Analysis of Route 510 Spadina — Part I: Introduction

The Spadina Streetcar has operated now for just over a decade. For all the problems of getting the project approved and built, there is no question that it has transformed travel on Spadina. With such intensive scheduled service and a complete right-of-way, we should have the best possible quality. This series of posts will examine the actual service in December 2006.

As usual, I will start with Christmas Day to introduce the analysis under the best-behaved conditions, and then I will move on to regular weekdays, and to the month as a whole. Among the major points I have found are:

  • The presence of a right of way greatly reduces the sort of variation seen over the course of the day on mixed-traffic routes, but does not eliminate it completely. As demand rises and falls, stop service times vary and this affects trip times.
  • Although the averages are well-behaved, the degree of variation is quite substantial. Indeed, given the short distances travelled, the amount of variation is comparable to that seen on the much longer mixed-traffic Queen route. This variation undermines the benefit of the right-of-way.
  • Some delays due to traffic signals are visible in the data, but the resolution of the TTC’s monitoring system (CIS) is such that I cannot report on this in detail.
  • Short-turning is a chronic problem at Queen’s Quay, and much of the service destined for Union Station never actually gets there. At first sight, I was reminded of Queen Street in the Beach when I reviewed the charts. This is no recommendation for the benefits of exclusive right-of-way.
  • Spadina is a route that demands management by headway, not by schedule. With extremely frequent service, the concept of being “on time” is meaningless to riders.

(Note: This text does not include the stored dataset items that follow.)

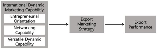 Therefore, we applied the concept of International Dynamic Marketing Capability (IDMC), which well explains how a firm purposefully integrates, builds, and modifies internal and external resources [22,45,46]. For example, export-oriented capabilities include marketing capability [47], networking capability [48], and internationalization capability [49].
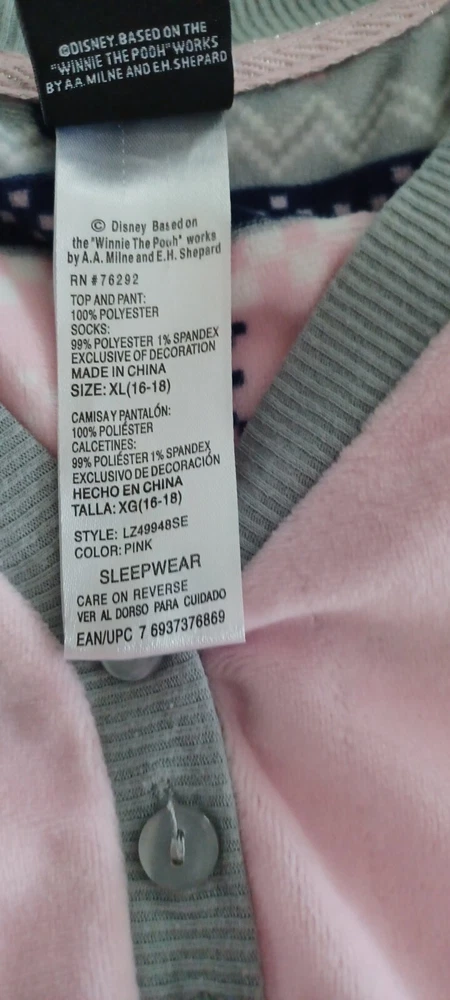 Disney Eeyore Sleepshirt Bust 44" Length 25" Arm Length 27" XL (16-18) Disney character, Eeyore Embroidered Pink Long sleeve V neck Pullover Polyester fleece Machine washable Made in China Whimsy Classic Casual Soft Comfy 111
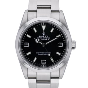 Discover the Rolex Explorer 114270 (BQ Ref 52427), a 2002 example presented in excellent condition. Its classic 36mm Oystersteel case with smooth bezel frames a black Arabic dial protected by scratch‑resistant sapphire crystal. Driven by a precise automatic movement and paired with the robust Oyster bracelet and secure Oysterlock clasp, it offers 100M water resistance for confident daily wear. This Explorer is supplied with its Rolex box and original papers, and includes a 2 Year Warranty. Enjoy added peace of mind with our 14 Day Return Policy and the convenience of Next Day Delivery.
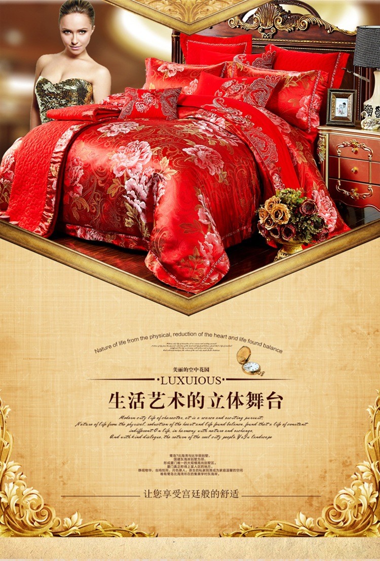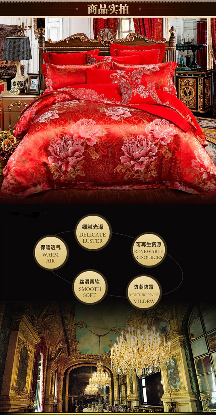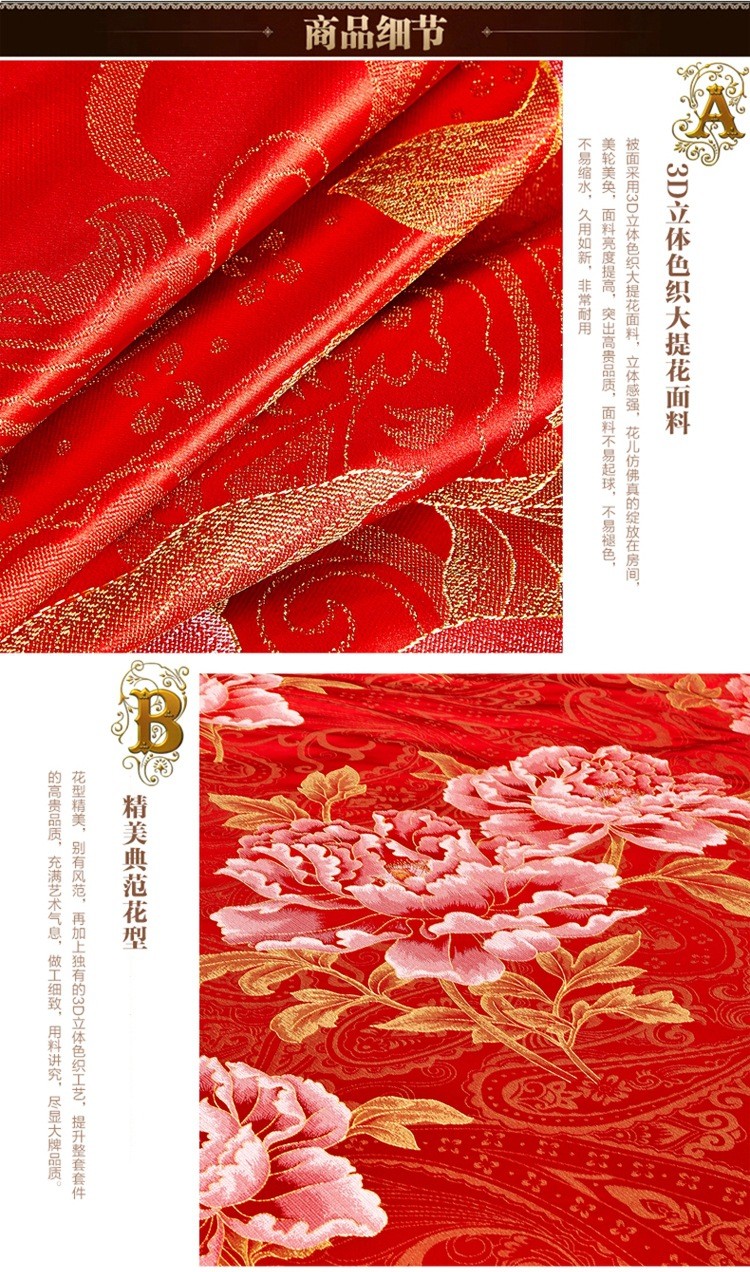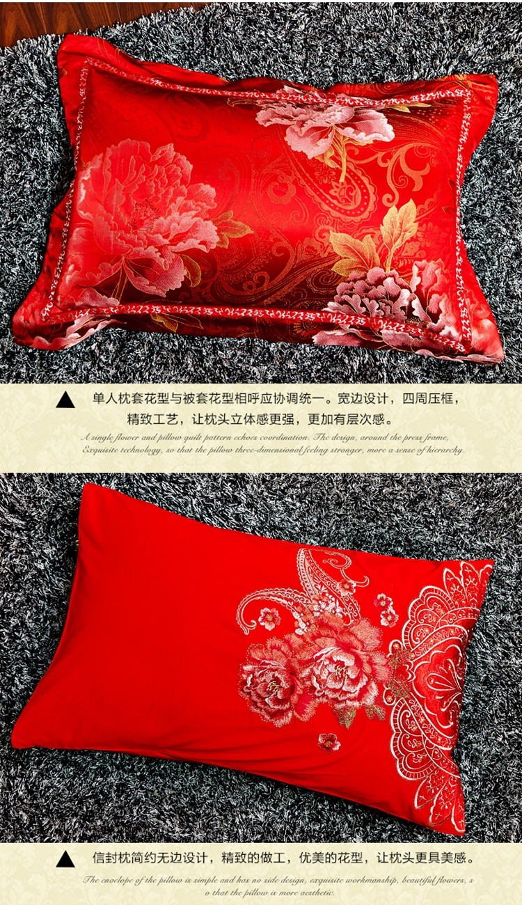 婚庆四件套大红床品被套多件套全棉结婚刺绣床上用品
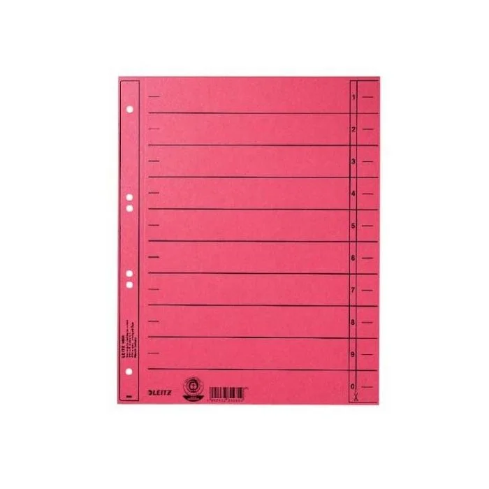 Intercalaires perforés rouges en carton 230 g/m2, format 240 x 300 mm, pour classeur de LEITZ. Article : 1658-00-25
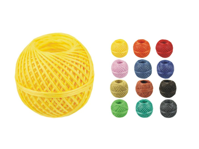 Motúz vhodný k bežnému baleniu tovaru v obchodoch a domácnostiach. Vyrobený z polypropylénu. Materiál: PP Návin: 20 000 mm Farby: žltá, oranžová, červená, ružová, modrá, fialová, svetlo hnedá, tmavo hnedá, čierna, svetlo zelená, tmavo zelená, šedá Mix 12 farieb podľa skladových zásob. Uvedená cena je za 1 ks.
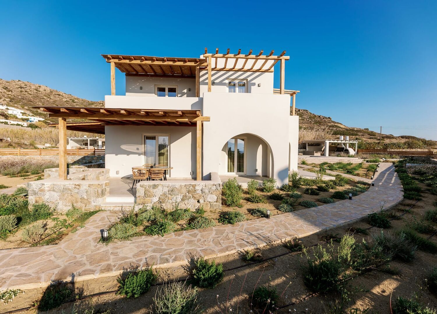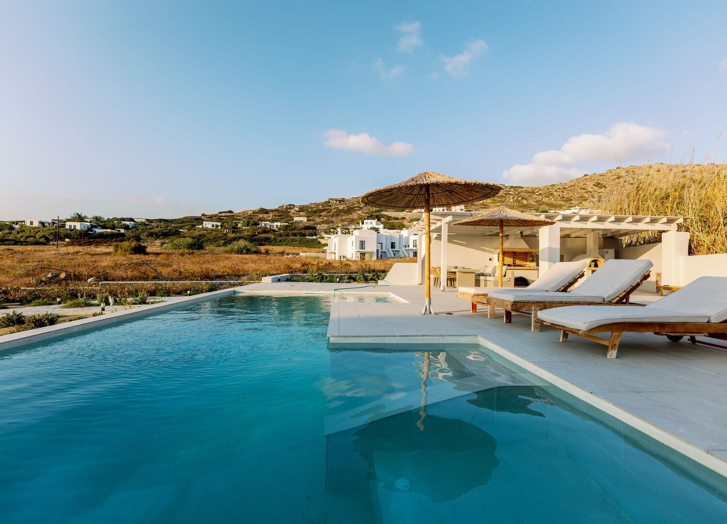 Positioned a few steps from Orkos Beach, is the epitome of luxurious living. The highlight of Villa Finest Earth is its two bathrooms, with one offering en suite facilities, providing extra comfort and privacy. Guests can enjoy a fully equipped kitchen, perfect for home-cooked meals. Outdoors, the villa offers a private pool, a charcoal BBQ, and a traditional built oven, ideal for al fresco dining. The villa also includes convenient parking for two vehicles, making travel effortless.
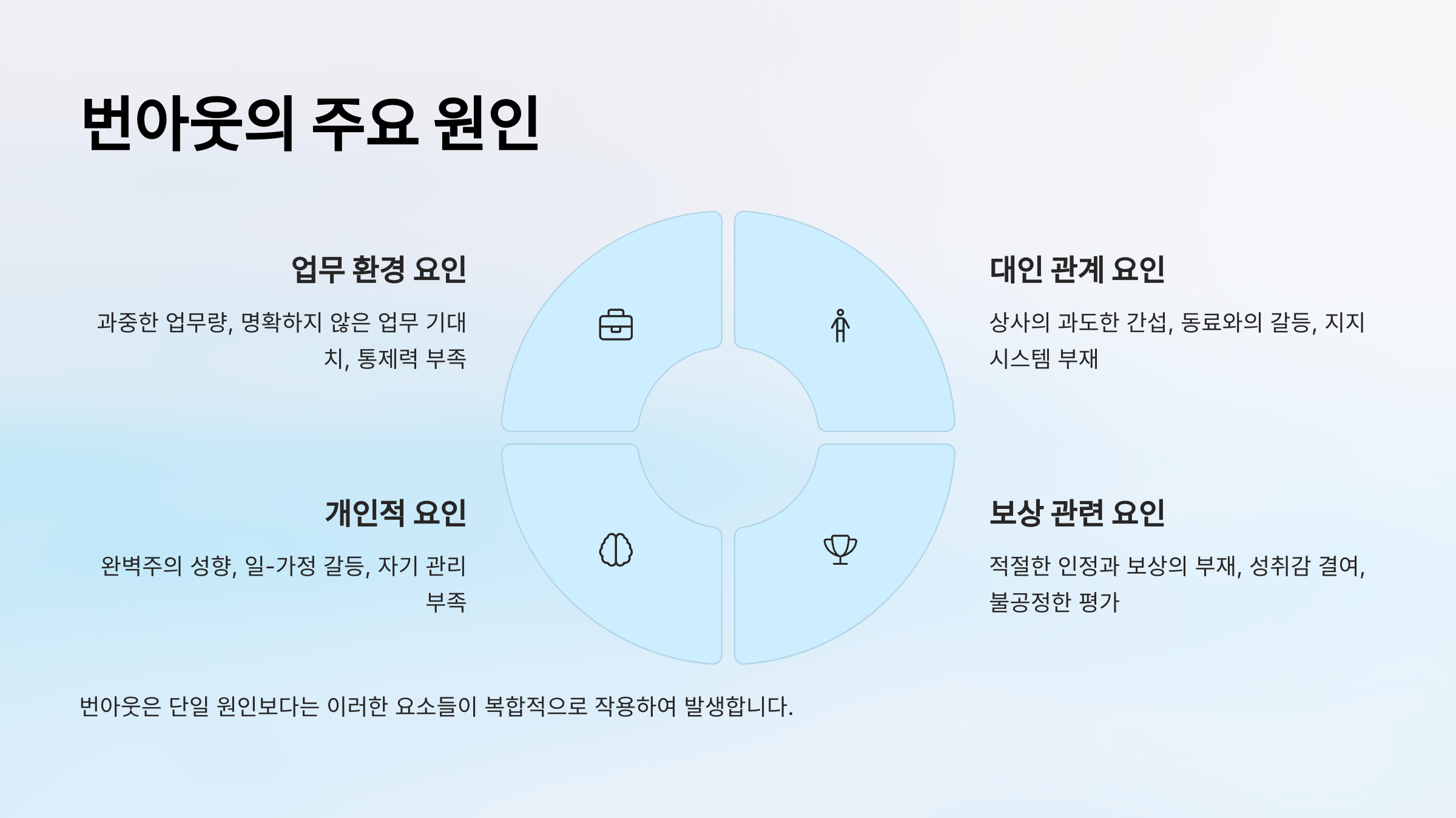 이처럼 번아웃은 단일 원인이 아니라, 다양한 환경과 감정, 생각의 복합 작용으로 나타나요. 그렇기 때문에 원인을 하나씩 줄여가는 노력이 필요하답니다. 그게 바로 회복의 시작이에요. 😊

For those awaiting a review of a suburban bus route, please have patience. With all the discussions of service reliability on Queen, I thought it important to look at a route operating completely on reserved lanes to see just how it behaved.

For those who are new to this blog, I recommend reviewing the early posts about the King car in the Service Analysis category. The techniques used to distill the TTC’s data and present it for analysis are explained there in detail.